■ **Work to complete**
Omit the images, then repeat the listing exactly.

■ **Given material**
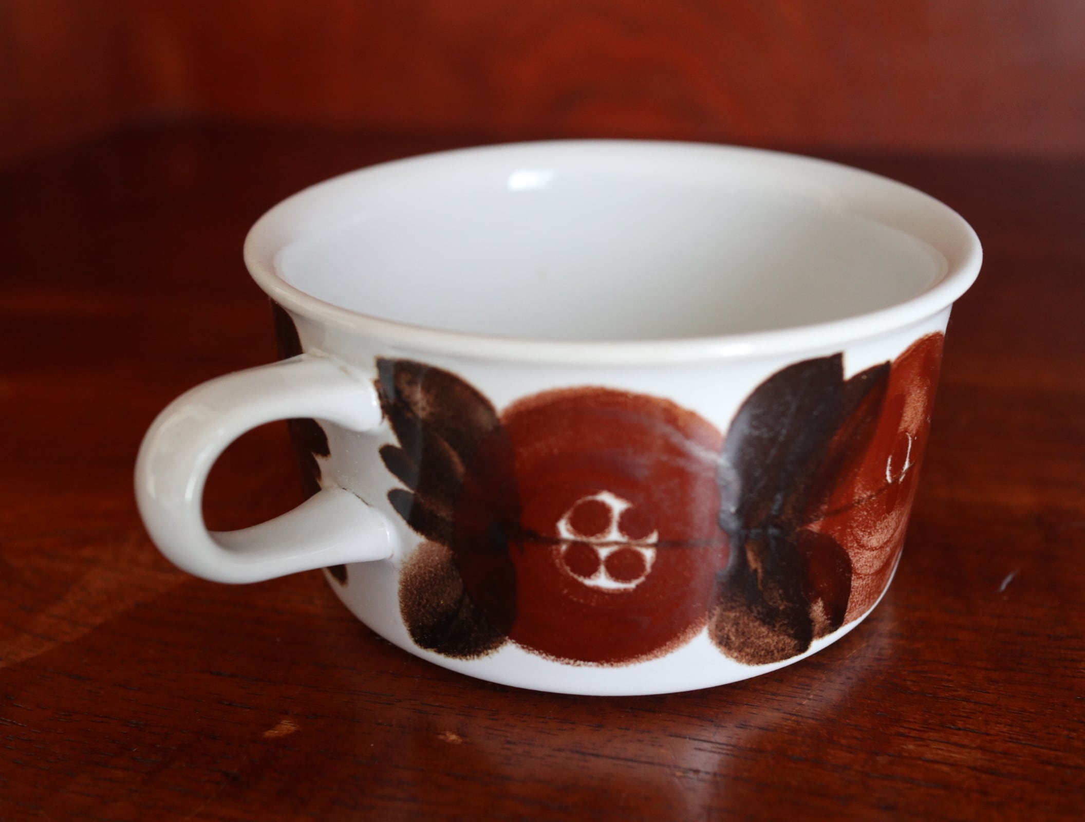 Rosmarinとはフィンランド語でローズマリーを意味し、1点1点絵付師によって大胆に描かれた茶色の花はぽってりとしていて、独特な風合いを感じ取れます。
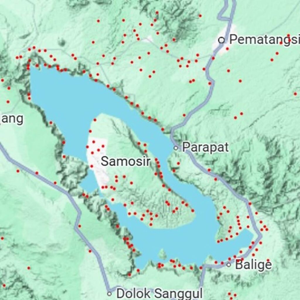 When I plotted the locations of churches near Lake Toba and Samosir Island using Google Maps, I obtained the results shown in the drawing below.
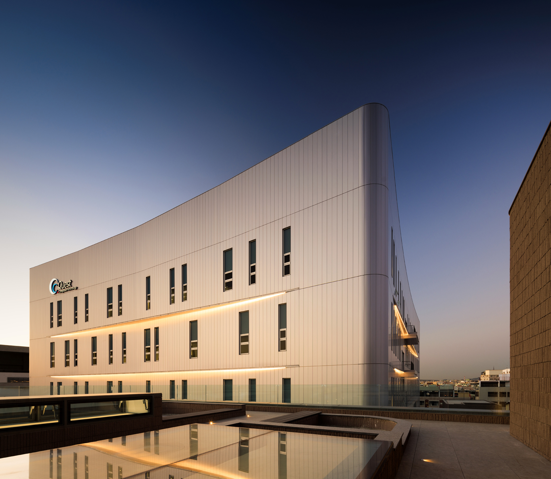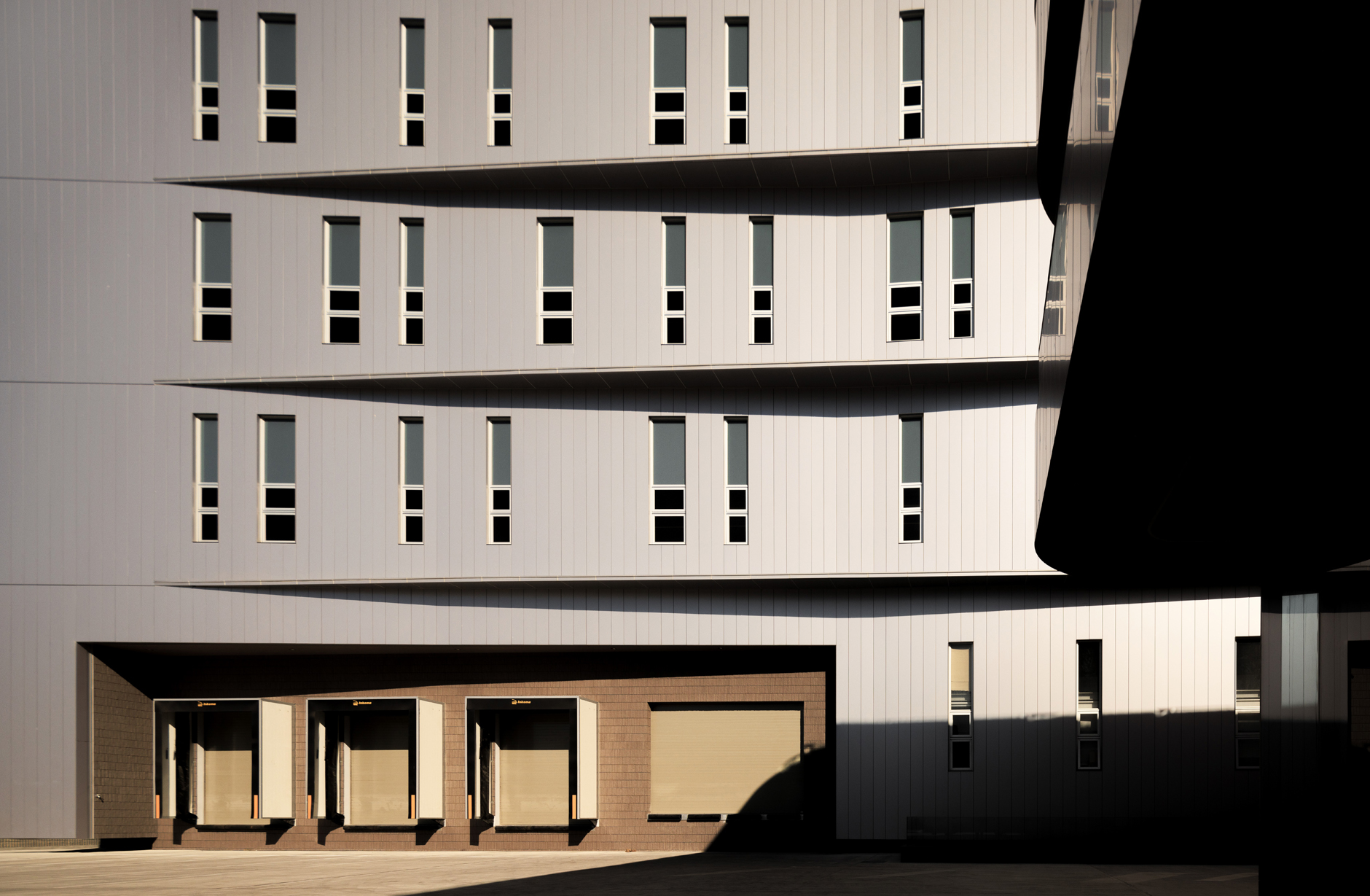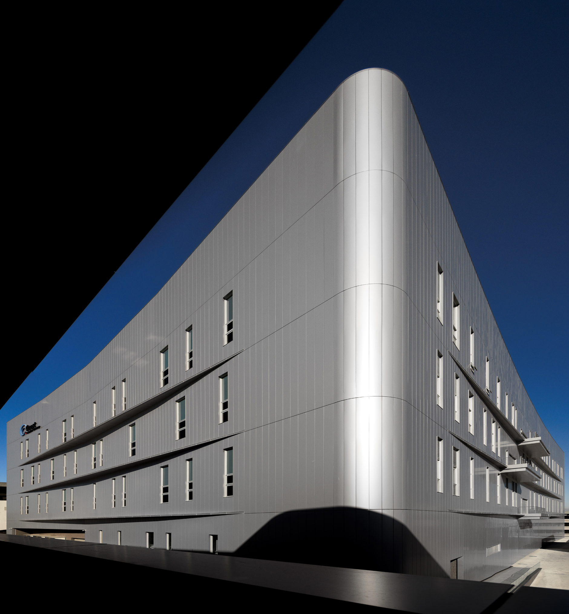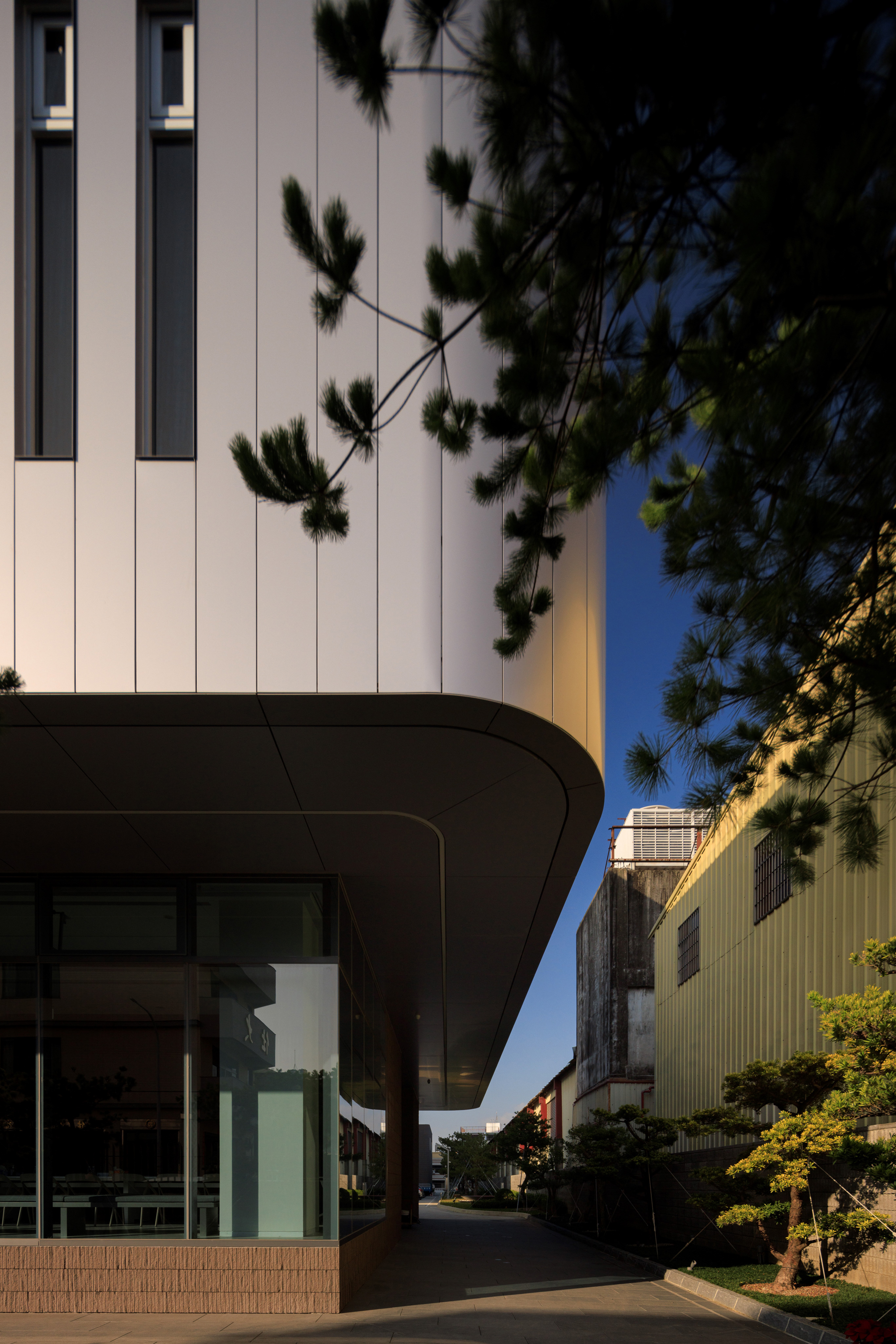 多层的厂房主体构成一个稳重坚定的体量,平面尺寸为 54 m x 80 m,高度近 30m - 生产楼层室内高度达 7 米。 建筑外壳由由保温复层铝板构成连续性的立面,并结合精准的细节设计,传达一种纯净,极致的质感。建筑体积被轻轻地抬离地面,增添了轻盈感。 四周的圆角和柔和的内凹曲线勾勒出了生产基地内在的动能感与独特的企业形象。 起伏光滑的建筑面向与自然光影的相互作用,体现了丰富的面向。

■ **Response to this exercise**
 Rosmarinとはフィンランド語でローズマリーを意味し、1点1点絵付師によって大胆に描かれた茶色の花はぽってりとしていて、独特な風合いを感じ取れます。
 When I plotted the locations of churches near Lake Toba and Samosir Island using Google Maps, I obtained the results shown in the drawing below.
 多层的厂房主体构成一个稳重坚定的体量,平面尺寸为 54 m x 80 m,高度近 30m - 生产楼层室内高度达 7 米。 建筑外壳由由保温复层铝板构成连续性的立面,并结合精准的细节设计,传达一种纯净,极致的质感。建筑体积被轻轻地抬离地面,增添了轻盈感。 四周的圆角和柔和的内凹曲线勾勒出了生产基地内在的动能感与独特的企业形象。 起伏光滑的建筑面向与自然光影的相互作用,体现了丰富的面向。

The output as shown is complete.